The word “mistake” was not uttered, but this is about as close as we’re going to get to Apple admitting they miscalculated with the current Mac Pro’s concept. One word that was uttered, however, was “sorry”. Here’s Schiller, after being asked whether they already had an external design in mind for the next-gen Mac Pros:

    We’re not going to get into exactly what stage we’re in, just that we told the team to take the time to do something really great. To do something that can be supported for a long time with customers with updates and upgrades throughout the years. We’ll take the time it takes to do that. The current Mac Pro, as we’ve said a few times, was constrained thermally and it restricted our ability to upgrade it.
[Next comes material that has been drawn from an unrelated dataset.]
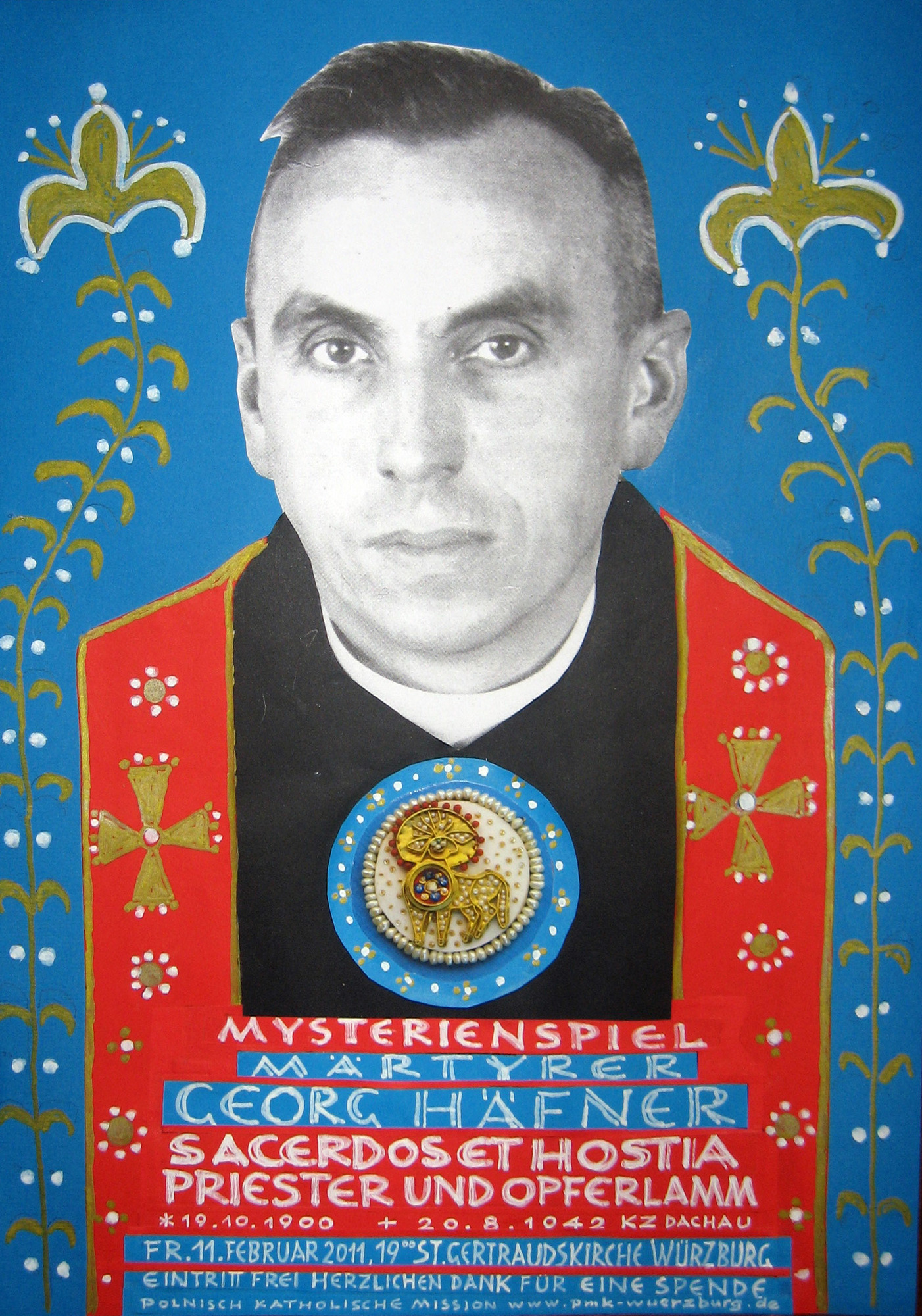Würzburg (POW) Ein Mysterienspiel über das Leben und Sterben von Pfarrer Georg Häfner unter dem Titel „Sacerdos et hostia – Priester und Opferlamm“ wird am Freitagabend, 11. Februar, um 19 Uhr in der Pfarrkirche Sankt Gertraud in der Unteren Pleich in Würzburg aufgeführt. Der Text stammt von der Kunsthistorikerin Fides Amberg-Hartmann, die Hymnen des Mysterienspiels komponierte Pfarrer Jerzy Sobota, Leiter der katholisch-polnischen Mission im Bistum Würzburg. Er leitet auch Schauspiel und Musik, die in deutsch-polnischer Kooperation umgesetzt werden.

And for that, we’re sorry to disappoint customers who wanted that, and we’ve asked the team to go and re-architect and design something great for the future that those Mac Pro customers who want more expandability, more upgradability in the future. It’ll meet more of those needs.

Fuck 'em. That little catastrophe is four fuckin' years old now and you're just now thinking "maybe we ought to try and retain some of our pro users"?

    Federighi: “I think if you use Xcode downloads as a metric, it’s possible software developers are actually our largest pro audience. It’s growing very quickly, it’s been fantastic.”

If you've ever found something in Linux that claims to run in OS X, you've downloaded XCode.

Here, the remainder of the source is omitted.